Speaker S1: Widening participation and sharing excellence: the role of MSCA
Damiana Otoiu, PhD. (Université Libre de Bruxelles), is an anthropologist of law and politics whose research is focused on how property rights are (re)defined and disputed in postcolonial contexts, and on the “social and political lives” of museum objects and of collections of physical anthropology. She undertakes research in France, Belgium, South Africa and the Democratic Republic of Congo by looking at museums’ policies and norms in general, and at the current debates concerning the restitution of African collections in particular.
Damiana is a lecturer in Political Anthropology in the Department of Political Science of the University of Bucharest, a Spiru Haret Fellow at the Institute for Advanced Study “New Europe College” in Bucharest, and a Coordinator of the research group “Heritage -making process” of the Centre Régional Francophone de Recherches Avancées en Sciences Sociales (CEREFREA Villa Noël), University of Bucharest.

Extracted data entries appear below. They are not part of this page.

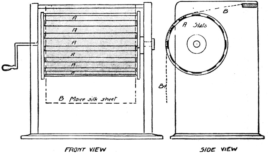 Stage wind is produced by means of a large drum or wheel made of slats of wood, with about three inches of space between the slats. This drum is fastened to two uprights and has a large handle 71attached to the centre, so that it can be turned round and round very easily. Above the drum is fixed a stout rod, from which hangs a large piece of moiré silk. This silk hangs over the drum, and when the drum is turned the sound made by the slats of wood touching the silk produces the sound of wind. The illustrations show how the appliance can be made.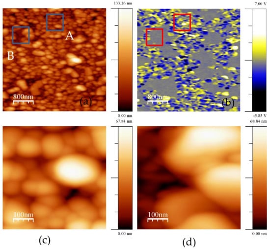 BFO film annealed at 700 °C: (a) Topography, (b) piezoresponse; and zooms of areas A (c,d) shown in Figure 7a. Estimated average grain size of A is 100 nm and B—300 nm.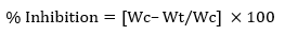 The percent inhibition increase in the weight of the cotton pellets was calculated by: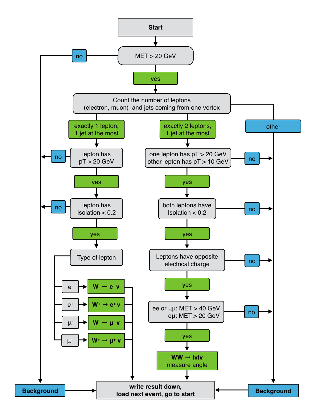 Your task is to distinguish between signal and background events. Here, signal events are events, which produce exactly one W particle. After identifying a signal event, you can determine whether the W particle has decayed into an electron or positron and an (anti-)electron neutrino or into a muon or anti-muon, and a (anti-)muon neutrino. Events with jets, Z particles, and top-quark pairs are background events.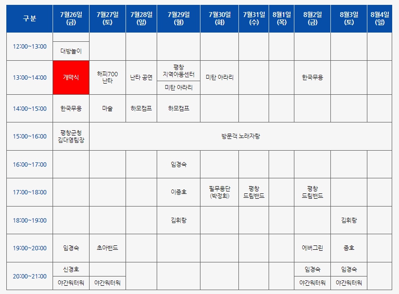 | 행사명 | 일정 | 내용 |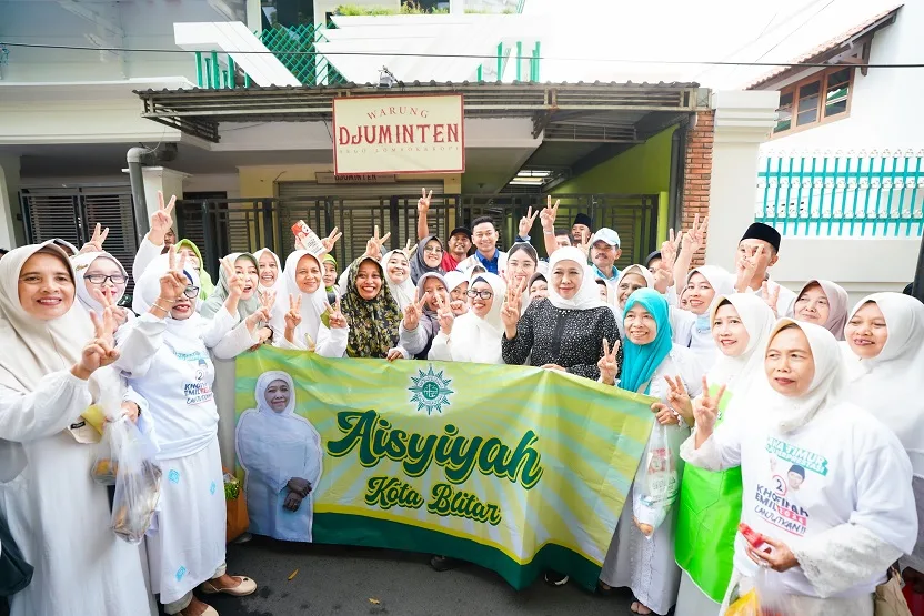 BLITAR-Calon Gubernur Jawa Timur Nomor Urut 2 Khofifah Indar Parawansa mengawali kampanye di Blitar dengan blusukan menyapa pedagang di Pasar Templek, Kota Blitar, Sabtu pagi (12/10/2024).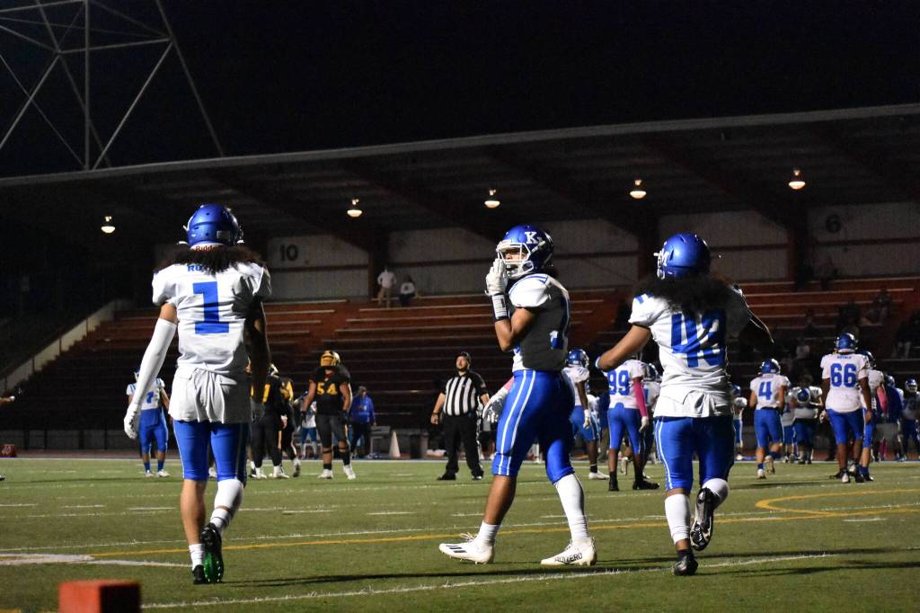 A few minutes later in the third quarter, two Raiders broke through the KM offensive line and blocked a punt with the ball bouncing out of bounds at the three yard line. The Raiders punched the football into the end zone on a three yard run from senior Josue Toledo. That ended the third quarter with a score of 21-25, the Royals clinging to a four point lead.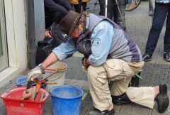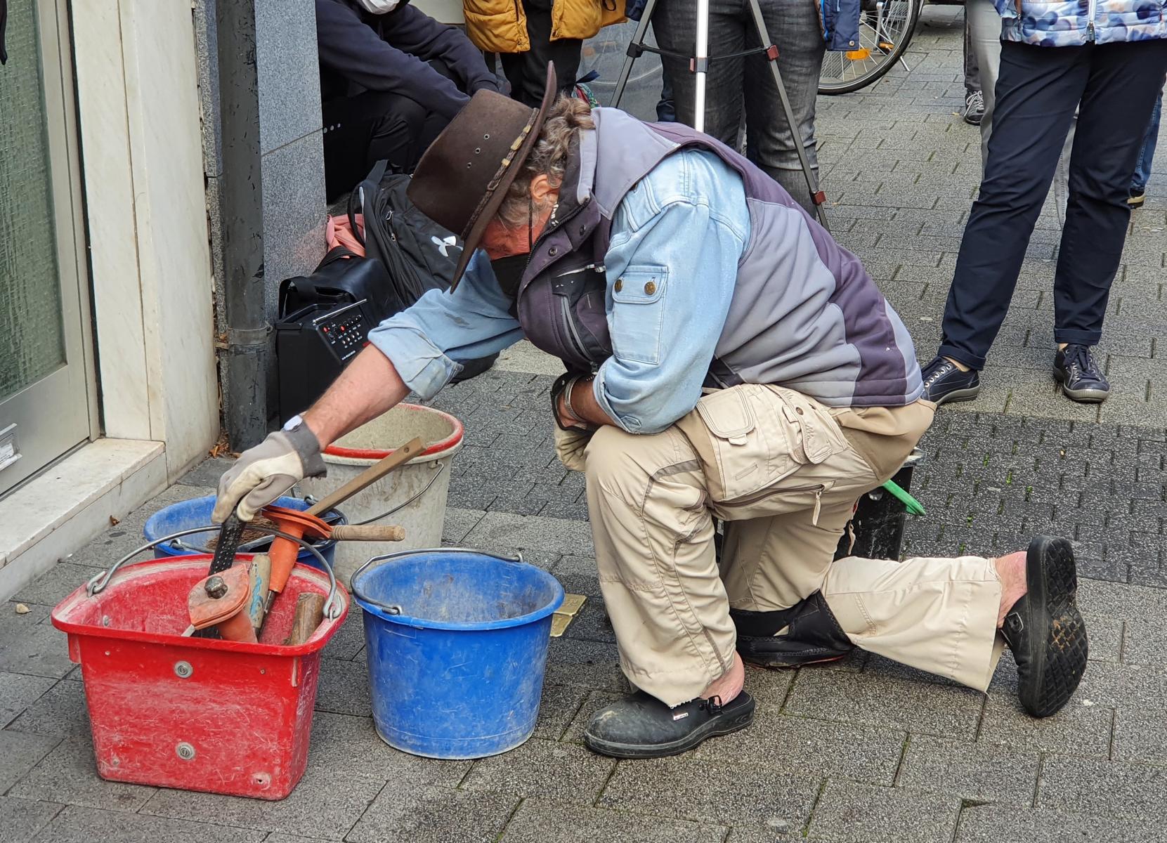 Trotz seines fortgeschrittenen Alters führt der Künstler die Verlegungen immer noch selbst durch. Es war spannend Gunter Deming bei der Verlegung der „Stolpersteine“ zuzuschauen, die er mit großer Hingabe und Sorgfalt durchführte. Nach der Verlegung hatten wir die Gelegenheit, ein kurzes Gespräch mit ihm selbst zu führen. Laut eigener Aussage kommt er immer sehr gerne nach Moers. Weiterhin mache er das sehr gerne für uns und wünscht sich, das Projekt auch in Zukunft weiterzuführen.

She lectured at various universities, such as Ecole Normale Supérieure in Paris, Ecole des Hautes Etudes en Sciences Sociales in Paris and Marseille, Boston University, University of the Western Cape in Cape Town. She coordinated several research projects, for instance “Museums and Controversial Collections. Politics and Policies of Heritage-Making in Post-colonial and Post-socialist Contexts”, funded by the Romanian National Authority for Scientific Research (2015-2017, host institution – New Europe College). She is the recipient of several academic awards, including a (Marie Curie) Research Fellowship at the Max Planck Institute for Social Anthropology, Halle/ Saale, Project Group “Legal Pluralism”, and an Fernand Braudel International Fellowship for Experienced Researchers at the Fondation Maison des sciences de l’homme in Paris (programme supported by the European Commision, Action Marie Curie – COFUND – 7th PCRD).